Julio

Personal information
- Full name: Julio Martínez Cortés
- Date of birth: 2 November 2000 (age 25)
- Place of birth: Requena, Spain
- Height: 1.78 m (5 ft 10 in)
- Position: Forward

Team information
- Current team: UCAM Murcia

Youth career
- 2015–2016: Valencia
- 2016–2018: Córdoba
- 2018–2019: Málaga

Senior career*
- Years: Team / Apps / (Gls)
- 2019–2022: Málaga B / 66 / (26)
- 2019–2022: Málaga / 14 / (0)
- 2022–2024: Granada B / 62 / (13)
- 2024–: UCAM Murcia / 39 / (7)

= Julio Martínez (footballer, born 2000) =

Spanish footballer

Julio Martínez Cortés (born 2 November 2000) is a Spanish footballer who plays as a forward for UCAM Murcia.

==Club career==
Born in Requena, Valencian Community, Martínez joined Málaga CF's youth setup in 2018, after stints at Córdoba CF and Valencia CF. He made his senior debut with the reserves on 25 August 2019, starting and scoring the opener in a 4–0 Tercera División home routing of Alhaurín de la Torre CF.

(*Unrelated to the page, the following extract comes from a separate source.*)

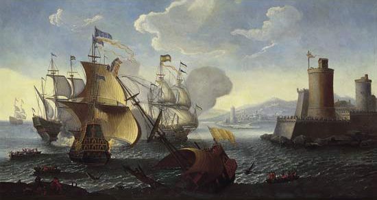 Bataille navale aux abords d'un port fortifié

On 15 December 2019, after scoring ten goals in only 15 matches for the B's, Martínez made his first team debut by coming on as a late substitute for Armando Sadiku in a 0–0 away draw against Extremadura UD in the Segunda División. On 6 July 2022, he moved to another reserve team, Club Recreativo Granada in Segunda Federación.